◆ INSTRUCTIONS FOR THE TASK
Without the images, print all the entries below exactly as given.

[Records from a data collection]

────────────────────

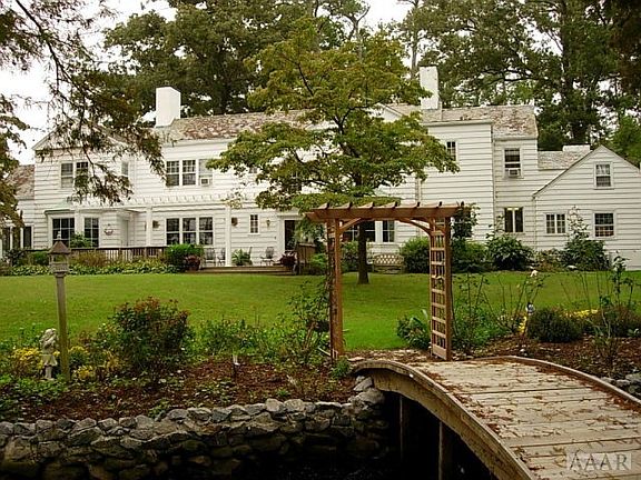 Designed by renowned Chicago architect Chester Patterson. This magnificent mansion on the hill is surrounded by the waters of the Pasquotank River. Built in the European Manor House tradition, all rooms have water views. Four large, comfortable bedrooms, each with its own bath & gas fireplace. Staircase & English lift elevator, wood-paneled library with gas fireplace and elegant drawing room. Crown molding & wood floors throughout. Slate-floored sunroom provides a spectacular panorama of a garden island and blue waters beyond. Three bay garage. Large kitchen/butlers pantry.
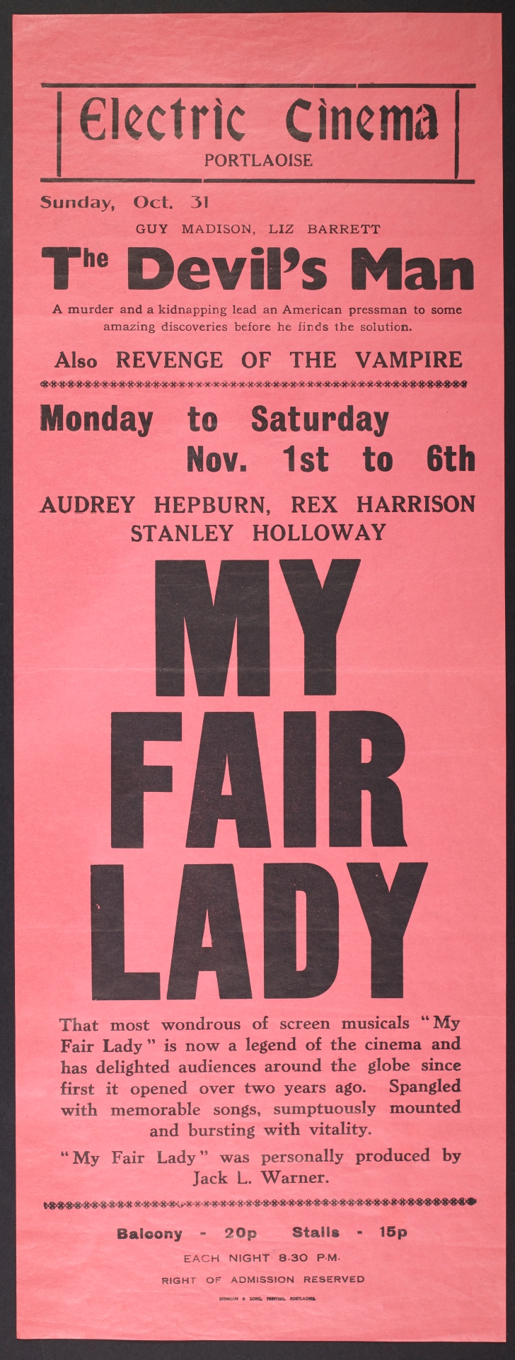 The equipment was installed by F Aldritt & Sons, Portlaoise and live music for the silent movies was by RP Bannon’s Orchestra from Portlaoise.
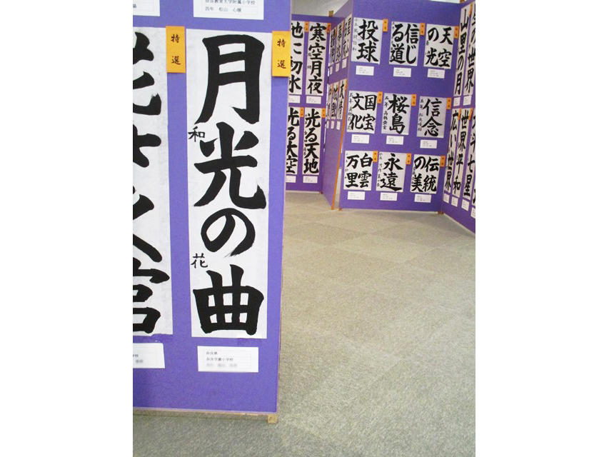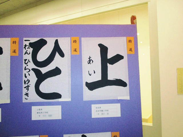 表彰式終了後、奈良市美術館(イトーヨーカドー奈良店5階)で開催されている学書展展覧会に足を運びました。特賞作品はガラスケースの中で展示されており、それらの見事な作品にまず圧倒されました。本校からは、特選のP1三輪有沙さん、奥内愛さん、庄司暖佳さん、P2奥葵さん、P4の飯田和花さん、M2大萩祐可さんをはじめ138名の準特選及び入選があり、特選作品はボードに貼られて展示されていました。あまりにたくさんの作品が展示されているために見つけるのに苦労しましたが、見つけた作品に向き合ってみると、どの作品もくっきりと太く、その児童の個性と気持ちが正直に表れているようでした。翌日21日(月)のP朝礼で、いただいた賞状とトロフィーを披露し、「全員の力で受賞したものです。これからも頑張ってください」と児童たちの活躍に敬意を表しました。
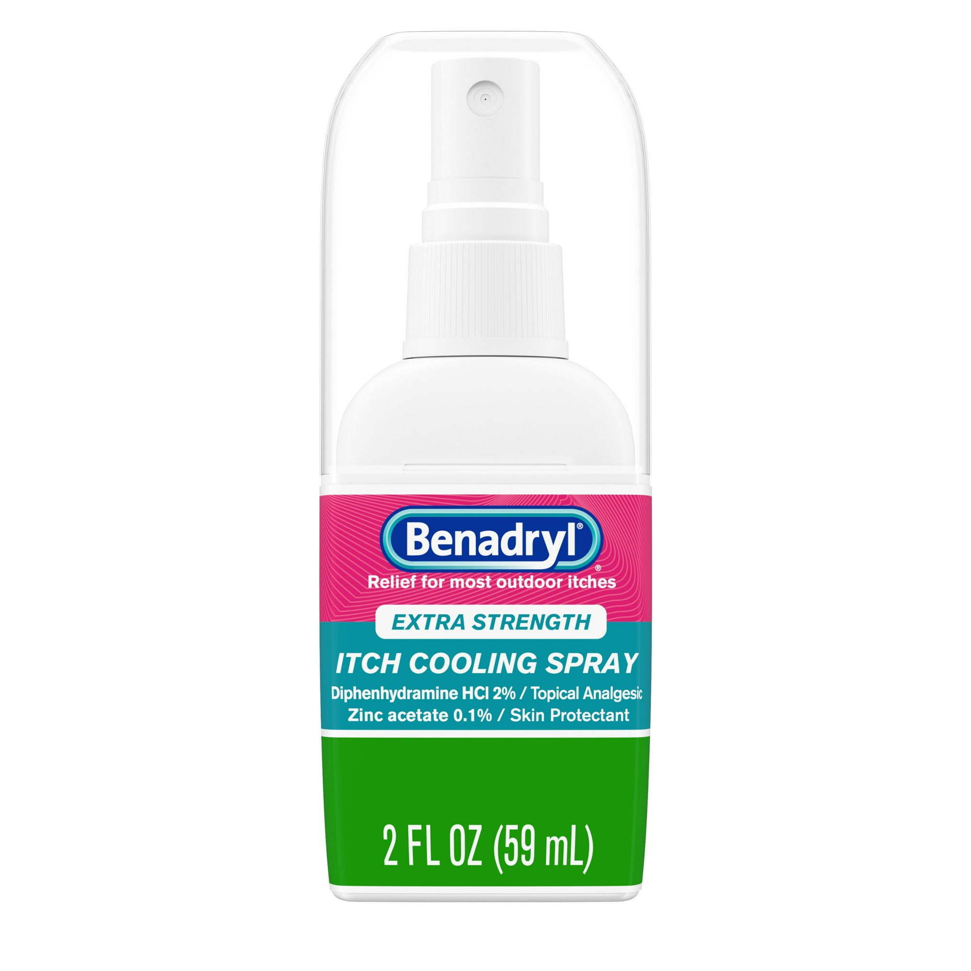 Benadryl Extra Strength Anti-Itch Cooling Spray provides fast relief from skin irritation and itching. Made with 2% diphenhydramine HCI topical analgesic and 0.1% zinc acetate skin protectant; this itch relief spray begins to work on contact to relieve the pain and itching associated with most outdoor itches including insect bites; sunburn; scrapes; and minor skin irritations; burns; and cuts. It also dries rashes caused by poison ivy; poison oak; and poison sumac. Benadryl Extra Strength Itch Cooling Spray works when you need it most and is intended for ages two and up.
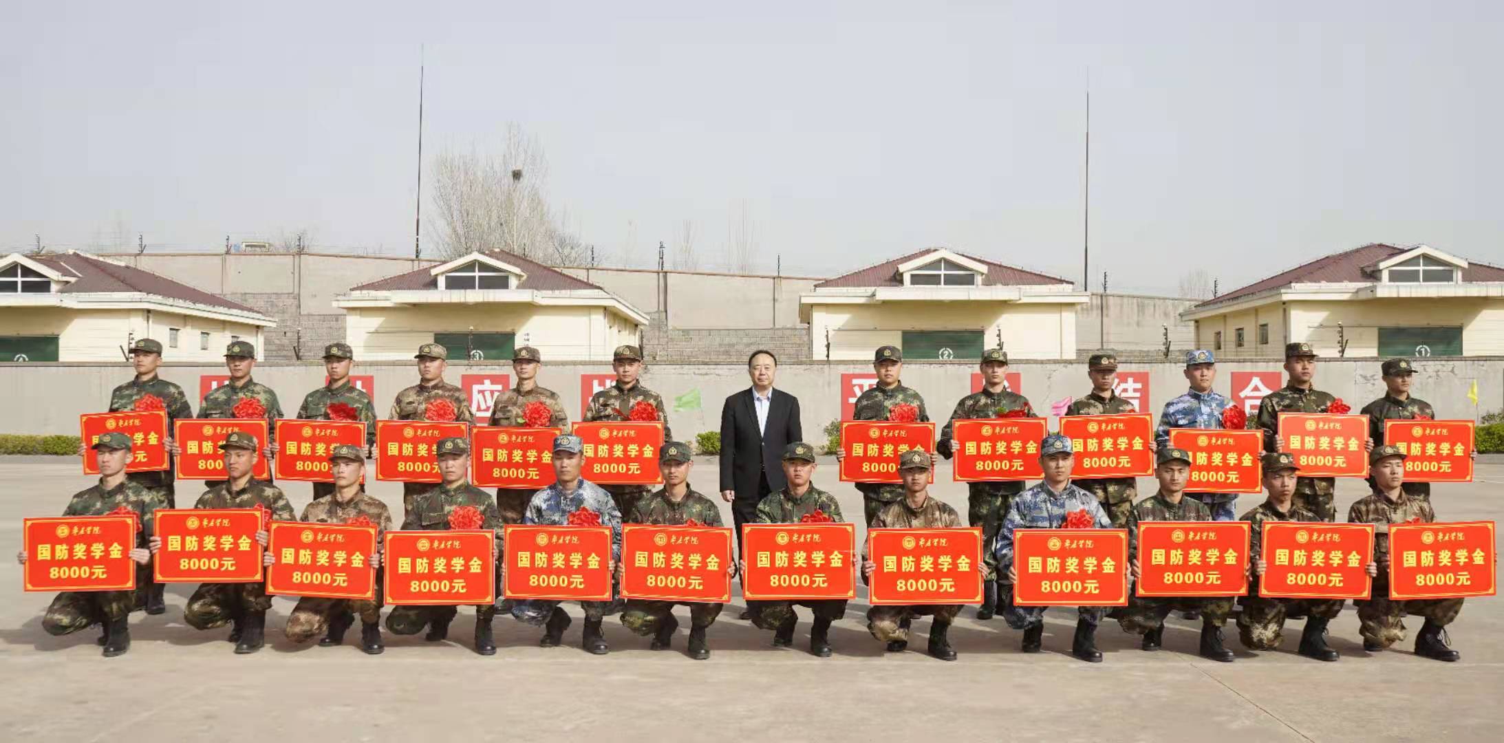 曹胜强仔细询问了同学们的近期训练生活情况,并逐一为同学们颁发国防奖学金。

────────────────────

◆ REPLY TO THE TASK
 Designed by renowned Chicago architect Chester Patterson. This magnificent mansion on the hill is surrounded by the waters of the Pasquotank River. Built in the European Manor House tradition, all rooms have water views. Four large, comfortable bedrooms, each with its own bath & gas fireplace. Staircase & English lift elevator, wood-paneled library with gas fireplace and elegant drawing room. Crown molding & wood floors throughout. Slate-floored sunroom provides a spectacular panorama of a garden island and blue waters beyond. Three bay garage. Large kitchen/butlers pantry.
 The equipment was installed by F Aldritt & Sons, Portlaoise and live music for the silent movies was by RP Bannon’s Orchestra from Portlaoise.
 表彰式終了後、奈良市美術館(イトーヨーカドー奈良店5階)で開催されている学書展展覧会に足を運びました。特賞作品はガラスケースの中で展示されており、それらの見事な作品にまず圧倒されました。本校からは、特選のP1三輪有沙さん、奥内愛さん、庄司暖佳さん、P2奥葵さん、P4の飯田和花さん、M2大萩祐可さんをはじめ138名の準特選及び入選があり、特選作品はボードに貼られて展示されていました。あまりにたくさんの作品が展示されているために見つけるのに苦労しましたが、見つけた作品に向き合ってみると、どの作品もくっきりと太く、その児童の個性と気持ちが正直に表れているようでした。翌日21日(月)のP朝礼で、いただいた賞状とトロフィーを披露し、「全員の力で受賞したものです。これからも頑張ってください」と児童たちの活躍に敬意を表しました。
 Benadryl Extra Strength Anti-Itch Cooling Spray provides fast relief from skin irritation and itching. Made with 2% diphenhydramine HCI topical analgesic and 0.1% zinc acetate skin protectant; this itch relief spray begins to work on contact to relieve the pain and itching associated with most outdoor itches including insect bites; sunburn; scrapes; and minor skin irritations; burns; and cuts. It also dries rashes caused by poison ivy; poison oak; and poison sumac. Benadryl Extra Strength Itch Cooling Spray works when you need it most and is intended for ages two and up.
 曹胜强仔细询问了同学们的近期训练生活情况,并逐一为同学们颁发国防奖学金。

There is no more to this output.